* Exercise goal:
In the material below, find the span from the line with "Com as bênçãos" to the line with "Disfruta del lujo" and transcribe only those lines, exactly, ends included, without the pictures.

* Given entries:
Start of Block

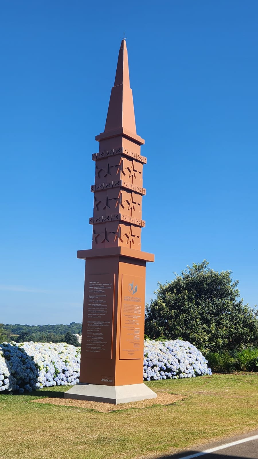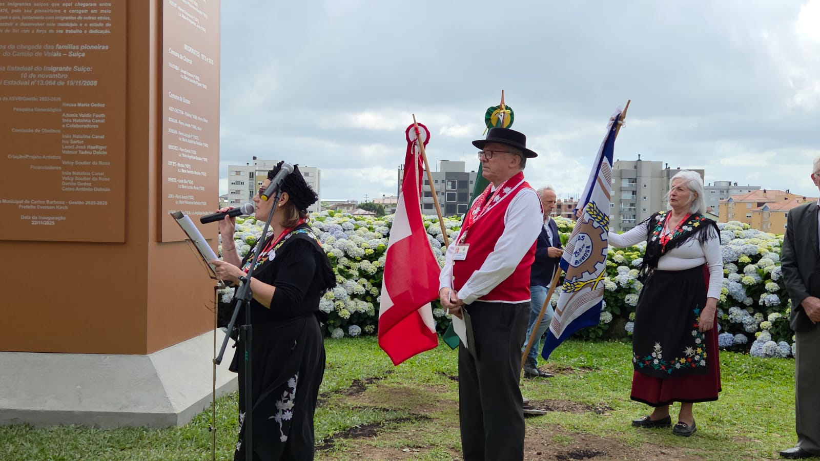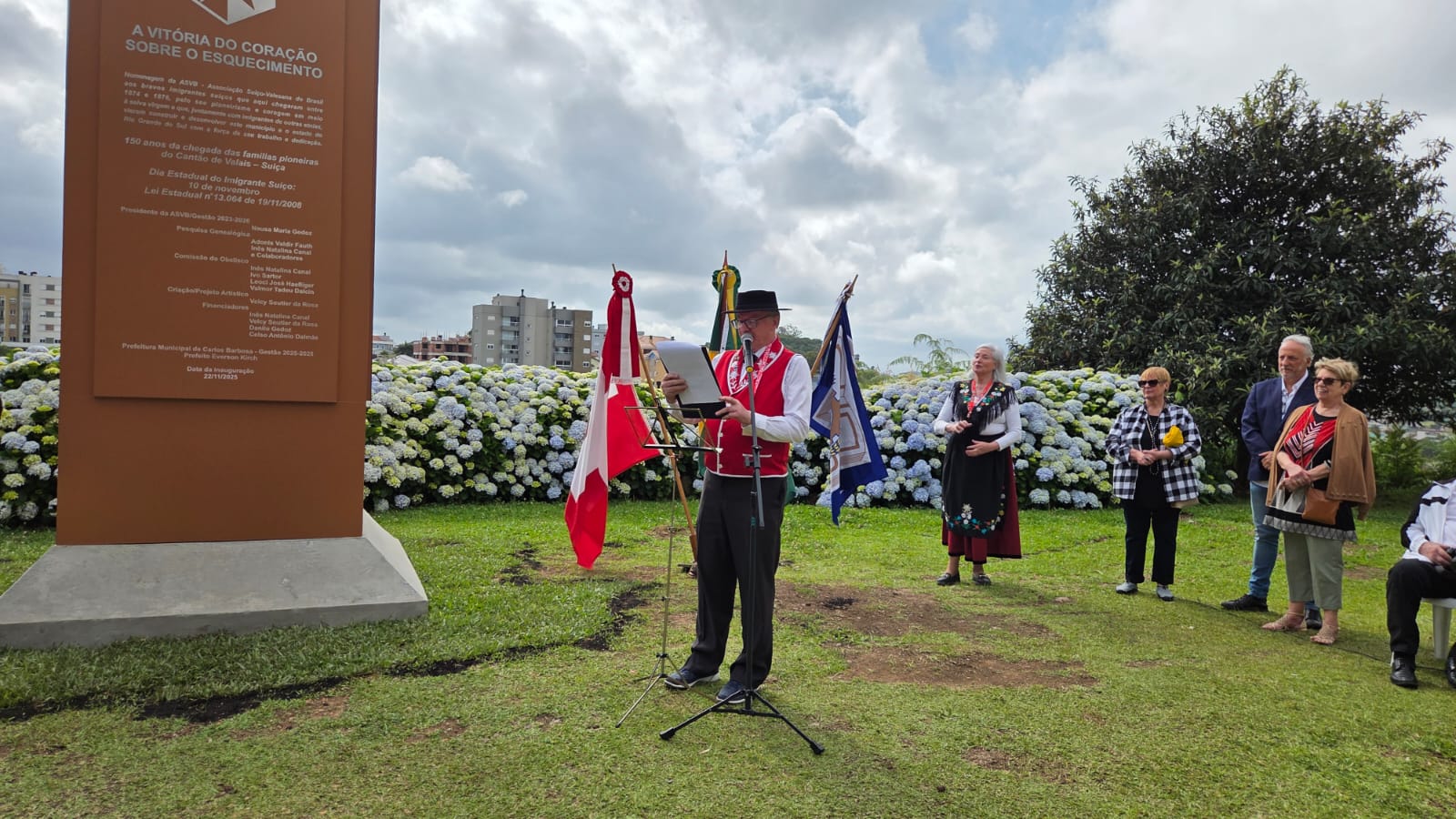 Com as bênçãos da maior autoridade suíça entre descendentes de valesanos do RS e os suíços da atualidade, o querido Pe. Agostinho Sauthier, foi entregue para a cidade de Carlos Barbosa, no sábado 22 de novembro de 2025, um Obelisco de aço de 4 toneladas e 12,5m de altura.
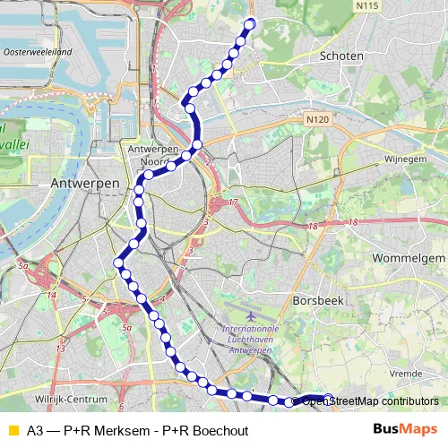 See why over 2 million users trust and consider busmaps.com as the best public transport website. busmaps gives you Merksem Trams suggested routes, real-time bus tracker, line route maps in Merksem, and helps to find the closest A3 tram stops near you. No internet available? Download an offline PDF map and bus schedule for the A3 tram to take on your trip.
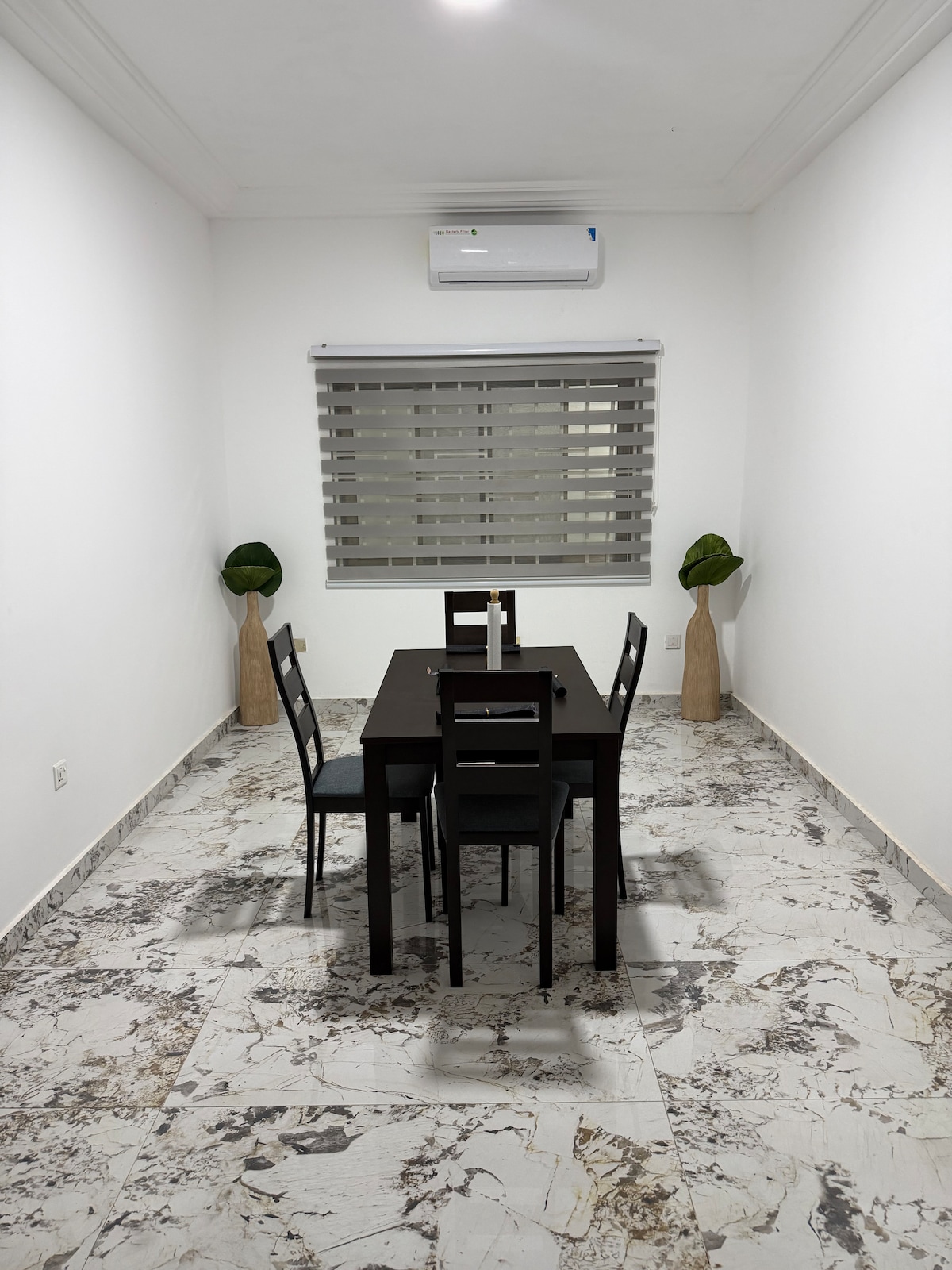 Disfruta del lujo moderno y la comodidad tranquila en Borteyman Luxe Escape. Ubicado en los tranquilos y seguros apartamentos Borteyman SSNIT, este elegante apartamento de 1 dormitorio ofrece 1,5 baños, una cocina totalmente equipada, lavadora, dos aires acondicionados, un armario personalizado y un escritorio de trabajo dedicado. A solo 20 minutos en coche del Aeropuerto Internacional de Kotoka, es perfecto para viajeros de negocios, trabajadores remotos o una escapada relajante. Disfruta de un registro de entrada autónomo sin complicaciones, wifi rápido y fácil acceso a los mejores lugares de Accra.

End of Block
Start of Block

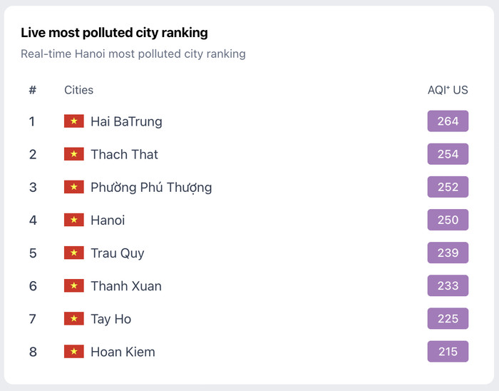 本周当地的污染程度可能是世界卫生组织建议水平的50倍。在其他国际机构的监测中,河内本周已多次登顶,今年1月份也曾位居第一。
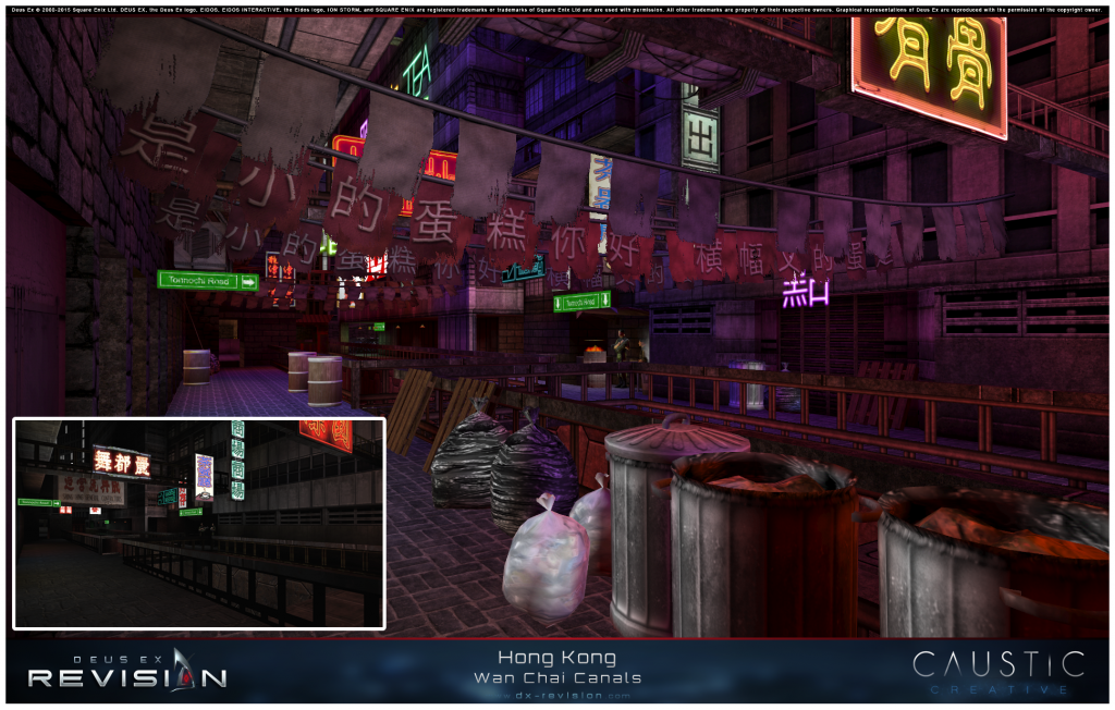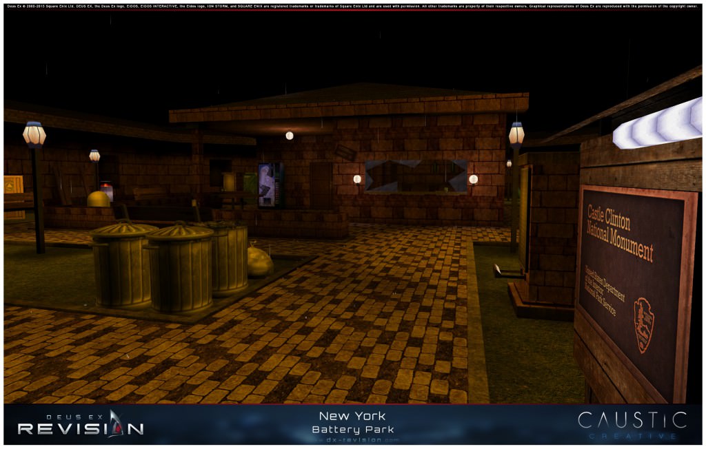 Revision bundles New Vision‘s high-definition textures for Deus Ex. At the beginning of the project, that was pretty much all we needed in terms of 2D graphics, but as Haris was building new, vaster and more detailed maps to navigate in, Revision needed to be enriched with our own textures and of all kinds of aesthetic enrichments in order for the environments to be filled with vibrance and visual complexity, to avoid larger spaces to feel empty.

End of Block

* Result for this exercise:
 Com as bênçãos da maior autoridade suíça entre descendentes de valesanos do RS e os suíços da atualidade, o querido Pe. Agostinho Sauthier, foi entregue para a cidade de Carlos Barbosa, no sábado 22 de novembro de 2025, um Obelisco de aço de 4 toneladas e 12,5m de altura.
 See why over 2 million users trust and consider busmaps.com as the best public transport website. busmaps gives you Merksem Trams suggested routes, real-time bus tracker, line route maps in Merksem, and helps to find the closest A3 tram stops near you. No internet available? Download an offline PDF map and bus schedule for the A3 tram to take on your trip.
 Disfruta del lujo moderno y la comodidad tranquila en Borteyman Luxe Escape. Ubicado en los tranquilos y seguros apartamentos Borteyman SSNIT, este elegante apartamento de 1 dormitorio ofrece 1,5 baños, una cocina totalmente equipada, lavadora, dos aires acondicionados, un armario personalizado y un escritorio de trabajo dedicado. A solo 20 minutos en coche del Aeropuerto Internacional de Kotoka, es perfecto para viajeros de negocios, trabajadores remotos o una escapada relajante. Disfruta de un registro de entrada autónomo sin complicaciones, wifi rápido y fácil acceso a los mejores lugares de Accra.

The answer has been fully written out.